Drop the images; return everything else in the listing below exactly.

==== Data ====

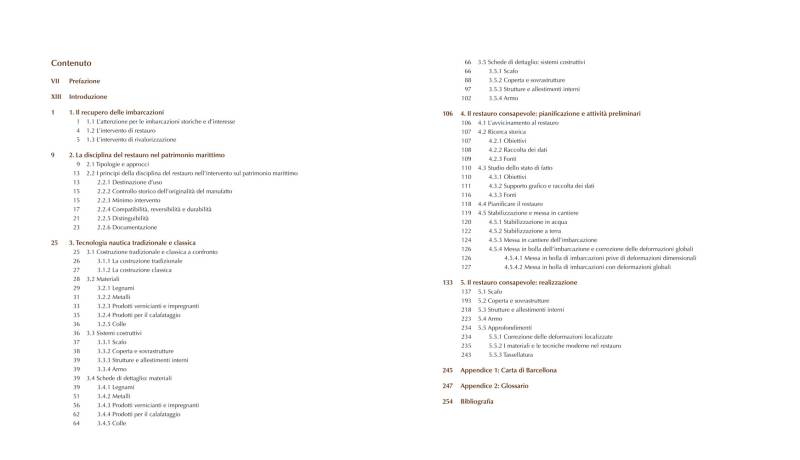 Il volume tratta il tema dell’intervento sulle imbarcazioni in legno coniugando la disciplina del restauro architettonico con le tecniche utilizzate in cantiere, aspetti quotidianamente affrontati nell’attività professionale dell’autore. Per ogni componente sono presentate le diverse problematiche e le relative soluzioni, analizzando sia prassi comuni sia tecniche più attente e innovative che tutelano maggiormente la conservazione dello stato di fatto e il messaggio di testimonianza storica. Armatori, cantieri, teorici della disciplina e amatori troveranno spunti e risposte utili ad indirizzare le proprie scelte, garantendo un processo di intervento consapevole e di provata efficacia.
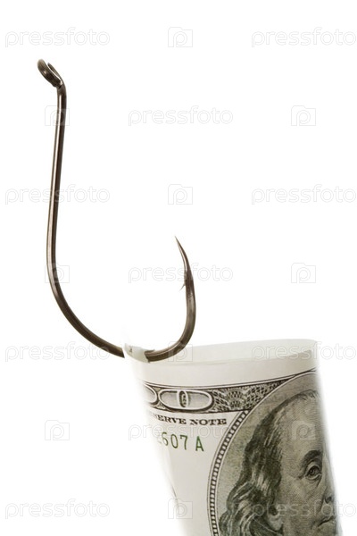 Острый рыболовный крюк с стодолларовой банкнотой на нем
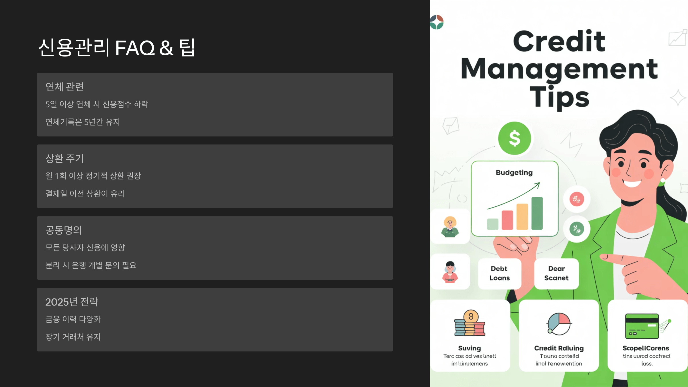중요한 건, 리볼빙 서비스나 고금리 현금서비스를 피하는 거예요. 이런 단기성 대출은 점수에 악영향을 미치기 때문에, 당장 급하다고 써버리면 이후 장기 대출에 불리하게 작용할 수 있어요. 가능한 한 빠르게 정리해야 해요! 🚫
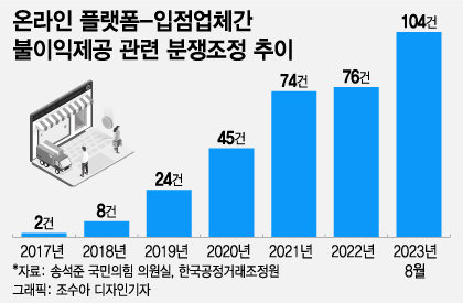 이 가운데 온라인 플랫폼 사업자가 입점업체에 내린 불이익 조치에 대한 분쟁이 큰 비중을 차지한다. 실제 2017년 2건에서 2023년 8월 말 현재 104건으로 5년 새 52배 증가했다.
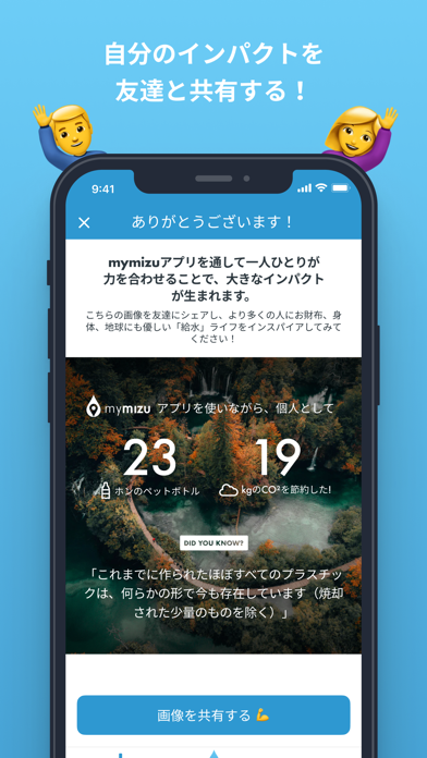 給水スポットを地図で見つけ、環境保全にも興味を持てるアプリ。外出中の水分補給をサポートしてくれます。ペットボトルを買わずに給水したことによって、どれだけ環境保護に貢献したかがわかるのも楽しいポイント。
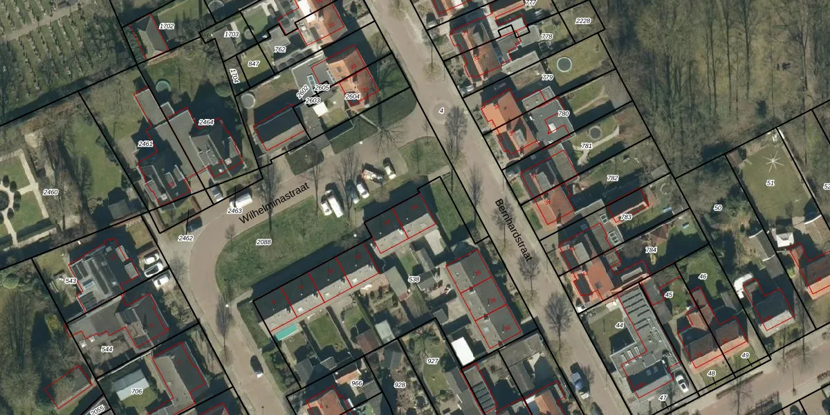 Het perceel waarop Wilhelminastraat 16 staat heeft een oppervlakte van 1735 m². Dit is een zeer groot perceel. De perceeloppervlakte wordt geregistreerd door het Kadaster. Gedetailleerde informatie over de maten van dit perceel kunt u vinden in het rapport Kadastrale kaart met maatvoering van Wilhelminastraat 16.
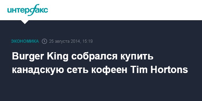 Москва. 25 августа. INTERFAX.RU - Сеть ресторанов быстрого питания Burger King Worldwide Inc. подтвердила, что ведет переговоры о слиянии с крупнейшей канадской сетью закусочных Tim Hortons Inc., планируя затем перенести штаб-квартиру из Флориды в Канаду.
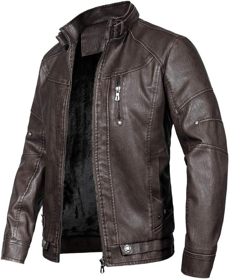 Men’s Vintage Stand Collar Leather Jacket Motorcycle PU Jacket and Coat
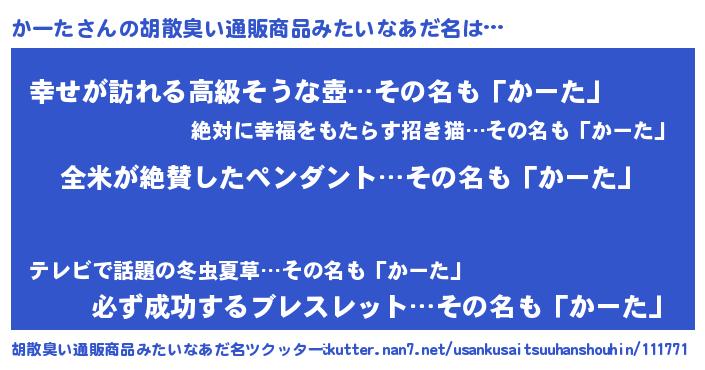かーたさんの胡散臭い通販商品みたいなあだ名をツクッター!
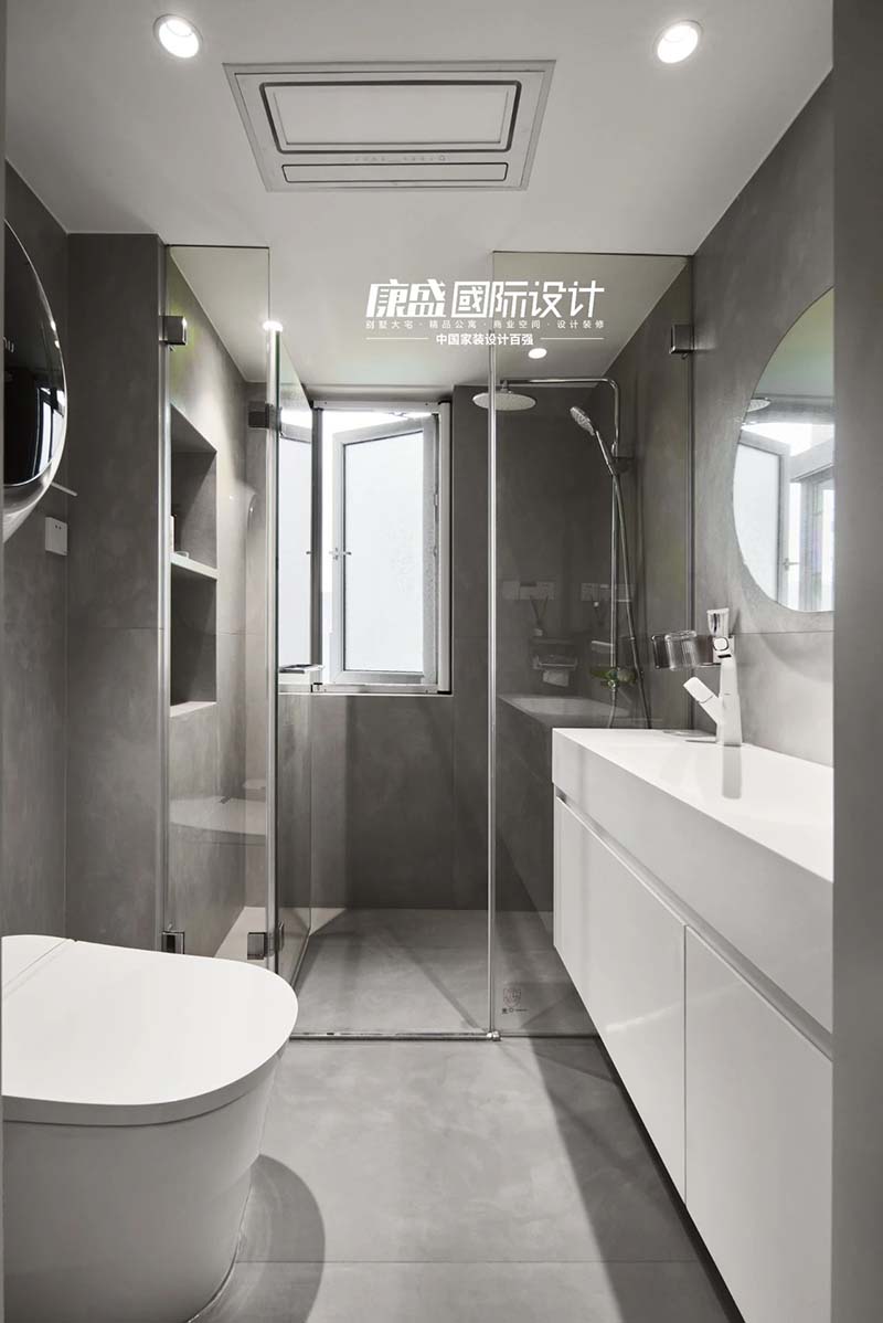 衛(wèi)生間空間不大,一字型的浴室設(shè)計(jì),在使用方便的同時(shí)在視覺(jué)上更顯寬敞。
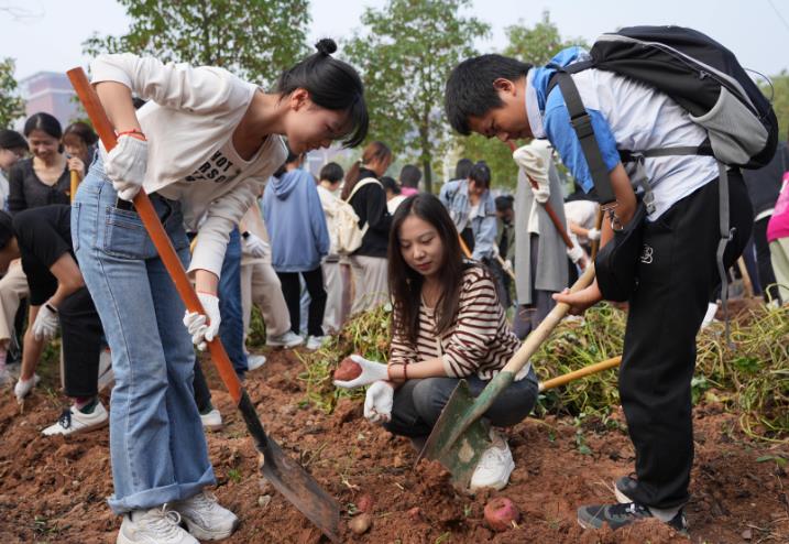 “虽然很累,但看着满满一袋,都是我们自己的劳动成果心里就高兴。这次劳动实践课让我第一次见到了红薯长在地里是什么样的,第一次知道红薯应该怎么挖。”2023级中国语言文学类专业学生曾婉莹说,她告诉记者,在这次活动中,她体会到了劳动的成就感,非常期待下一节实践课。
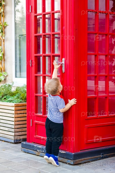 Маленький мальчик хочет войти в красную телефонную будку
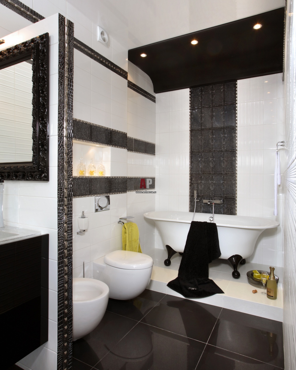 Хозяйская ванная на контрасте черного и белого цветов. Акцентная черная плитка имеет фактуру, имитирующую кожу крокодила. Ножки ванны выкрашены в черный цвет.
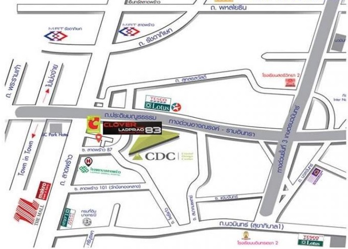 ให้เช่า คอนโด Clover Ladprao 83 (โคลเวอร์ ลาดพร้าว 83) ใกล้ ด่านลาดพร้าว 1.7 กิโลเมตร

====

## Problem solution
 Il volume tratta il tema dell’intervento sulle imbarcazioni in legno coniugando la disciplina del restauro architettonico con le tecniche utilizzate in cantiere, aspetti quotidianamente affrontati nell’attività professionale dell’autore. Per ogni componente sono presentate le diverse problematiche e le relative soluzioni, analizzando sia prassi comuni sia tecniche più attente e innovative che tutelano maggiormente la conservazione dello stato di fatto e il messaggio di testimonianza storica. Armatori, cantieri, teorici della disciplina e amatori troveranno spunti e risposte utili ad indirizzare le proprie scelte, garantendo un processo di intervento consapevole e di provata efficacia.
 Острый рыболовный крюк с стодолларовой банкнотой на нем
중요한 건, 리볼빙 서비스나 고금리 현금서비스를 피하는 거예요. 이런 단기성 대출은 점수에 악영향을 미치기 때문에, 당장 급하다고 써버리면 이후 장기 대출에 불리하게 작용할 수 있어요. 가능한 한 빠르게 정리해야 해요! 🚫
 이 가운데 온라인 플랫폼 사업자가 입점업체에 내린 불이익 조치에 대한 분쟁이 큰 비중을 차지한다. 실제 2017년 2건에서 2023년 8월 말 현재 104건으로 5년 새 52배 증가했다.
 給水スポットを地図で見つけ、環境保全にも興味を持てるアプリ。外出中の水分補給をサポートしてくれます。ペットボトルを買わずに給水したことによって、どれだけ環境保護に貢献したかがわかるのも楽しいポイント。
 Het perceel waarop Wilhelminastraat 16 staat heeft een oppervlakte van 1735 m². Dit is een zeer groot perceel. De perceeloppervlakte wordt geregistreerd door het Kadaster. Gedetailleerde informatie over de maten van dit perceel kunt u vinden in het rapport Kadastrale kaart met maatvoering van Wilhelminastraat 16.
 Москва. 25 августа. INTERFAX.RU - Сеть ресторанов быстрого питания Burger King Worldwide Inc. подтвердила, что ведет переговоры о слиянии с крупнейшей канадской сетью закусочных Tim Hortons Inc., планируя затем перенести штаб-квартиру из Флориды в Канаду.
 Men’s Vintage Stand Collar Leather Jacket Motorcycle PU Jacket and Coat
かーたさんの胡散臭い通販商品みたいなあだ名をツクッター!
 衛(wèi)生間空間不大,一字型的浴室設(shè)計(jì),在使用方便的同時(shí)在視覺(jué)上更顯寬敞。
 “虽然很累,但看着满满一袋,都是我们自己的劳动成果心里就高兴。这次劳动实践课让我第一次见到了红薯长在地里是什么样的,第一次知道红薯应该怎么挖。”2023级中国语言文学类专业学生曾婉莹说,她告诉记者,在这次活动中,她体会到了劳动的成就感,非常期待下一节实践课。
 Маленький мальчик хочет войти в красную телефонную будку
 Хозяйская ванная на контрасте черного и белого цветов. Акцентная черная плитка имеет фактуру, имитирующую кожу крокодила. Ножки ванны выкрашены в черный цвет.
 ให้เช่า คอนโด Clover Ladprao 83 (โคลเวอร์ ลาดพร้าว 83) ใกล้ ด่านลาดพร้าว 1.7 กิโลเมตร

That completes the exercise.